Imaging risk tools, however, found conflicting results when the presence of a left
atrial thrombus was assessed, and there was insufficient evidence to support conclusions
regarding the predictive ability of the presence of a left atrial thrombus. Among
the tools for predicting risk of major bleeding and ICH, there was a suggestion that
HAS-BLED is the best score for predicting major bleeds in patients on warfarin, although
it only has modest prediction abilities. However, the majority of studies for other
patient scenarios showed no statistically significant differences in predictive accuracy
among tools.
Findings in Relation to What is Already Known
Findings in Relation to What is Already Known
ESC guidelines recommend using the CHA2DS2VASc score, and AHA guidelines recommend using the CHADS2 or CHA2DS2-VASc to categorize thromboembolic risk when making treatment decisions in patients
with AF.[98] Additionally, recent American College of Clinical Pharmacy (ACCP), Australian and
New Zealand (ANZ), and Asia Pacific Heart Rhythm Society (APHRS) guidelines endorse
using the CHA2DS2-VASc score (excluding sex in the calculation under ACCP and ANZ guidelines) to identify
low-risk patients that can be excluded from anticoagulation.[99]
[100]
[101] In the current CER, we found that of the available risk scores, the CHADS2 and CHA2DS2VASc scores are the most commonly studied and that the CHADS2, CHA2DS2-VASc and ABC risk scores appeared to be similar and to have the highest predictive
ability for stroke events.

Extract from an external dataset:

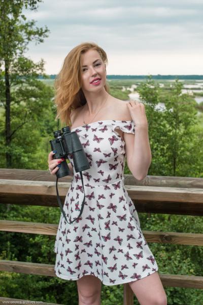 Взяв в руки бинокль, романтичная шведка в коротком платье стала осматривать окрестности. Прогулка по даче быстро взбодрила и возбудила красотку с толстой жопой и классными сиськами. Делая невинное лицо, эротичная Helene разделась. Интимная стрижка и голая жопа еще сильнее завели пухлую милочку. Приблизившись к деревянной перилле, обнаженная нимфоманка с русыми волосами и упругими сиськами развела ноги и прикоснулась к волосатой письке.
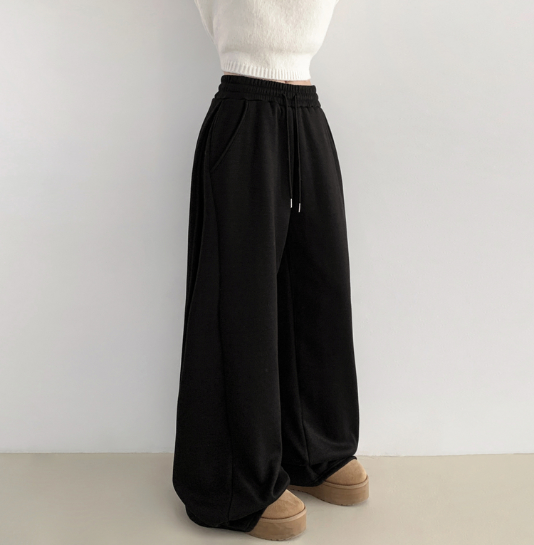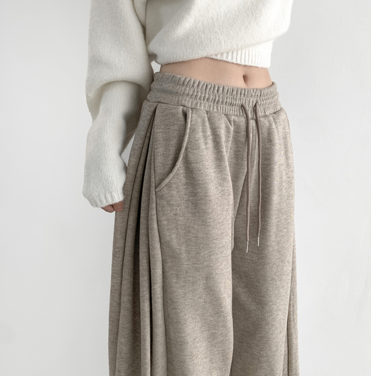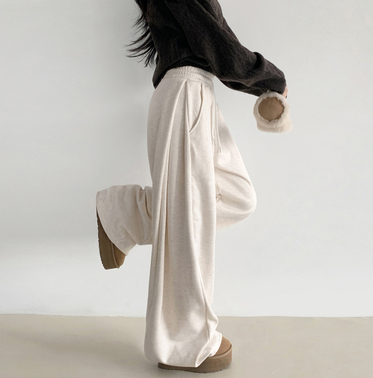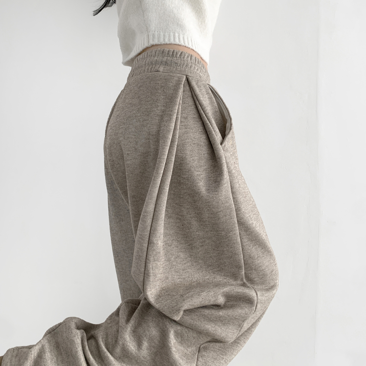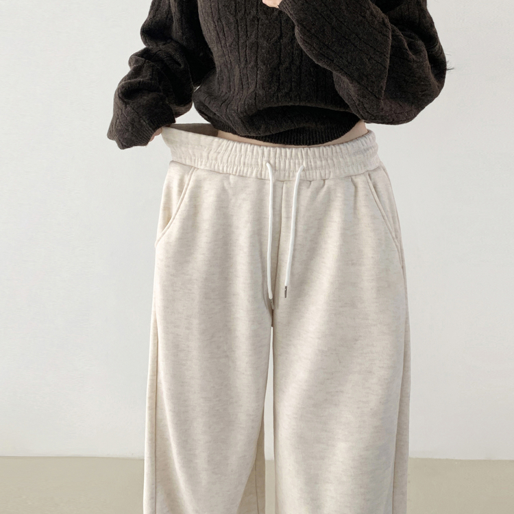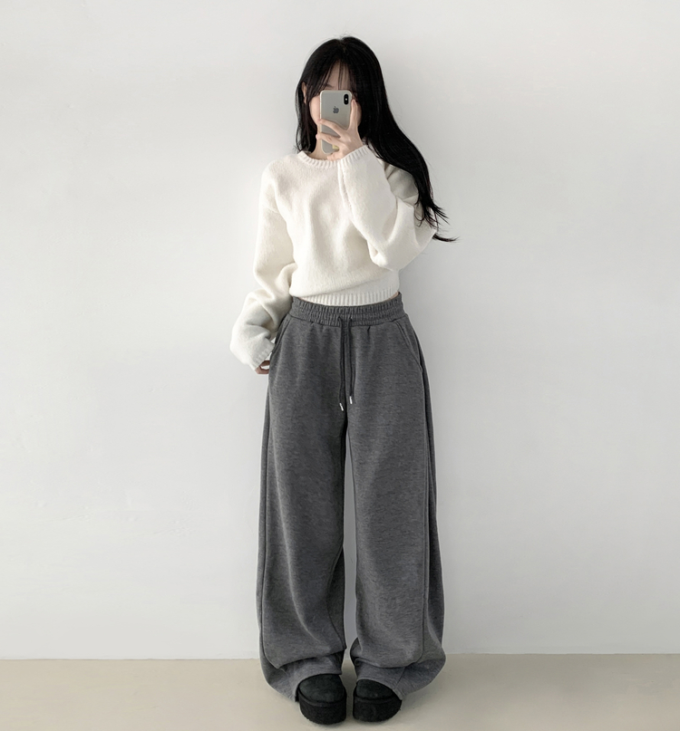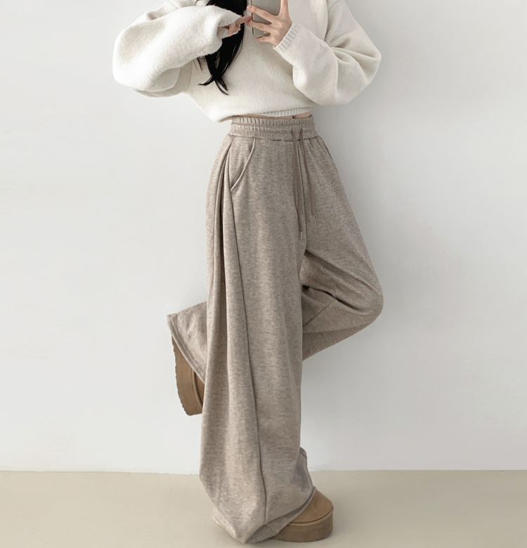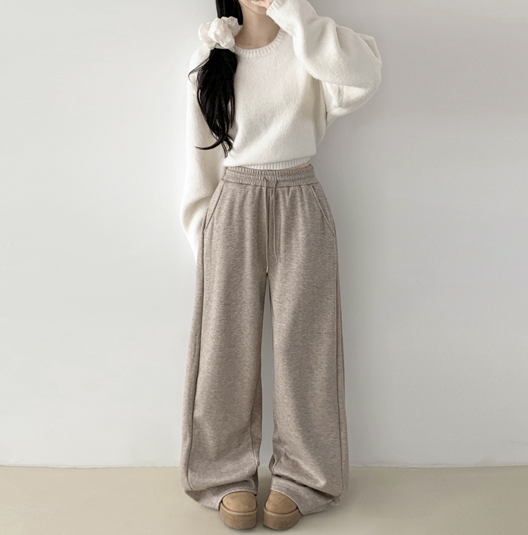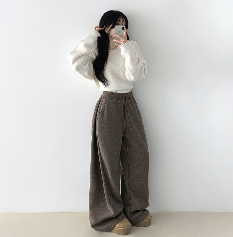 STR5512 히버 니트 사이드 핀턱 와이드 기모 밴딩 트레이닝 팬츠

While some studies have explored the inclusion of biomarkers
in stroke risk scores such as the ABC stroke risk score, and preliminary evidence
supports the ABC score being comparable to CHADS2 and CHA2DS2-VASc, the experience with ABC is limited and more data are needed on the contribution
of these and other biomarkers to the overall risk assessment. Further, few comparisons
of the ABC score in predicting thromboembolic risk have been completed in ‘real-world’
populations, which may better clarify its predictive ability.[102]
In predicting bleeding risk, our review found limited evidence favouring the HAS-BLED
risk score based on two studies demonstrating that it has a significantly higher predictive
ability for major bleeding events than other scores among patients on warfarin. The
majority of studies, however, showed no statistically significant differences in prediction,
which reduced the strength of evidence. Recent evidence suggests that inclusion of
time to therapeutic range (TTR), included in the HAS-BLED score, might enhance the
predictive ability of other bleeding scores.[54]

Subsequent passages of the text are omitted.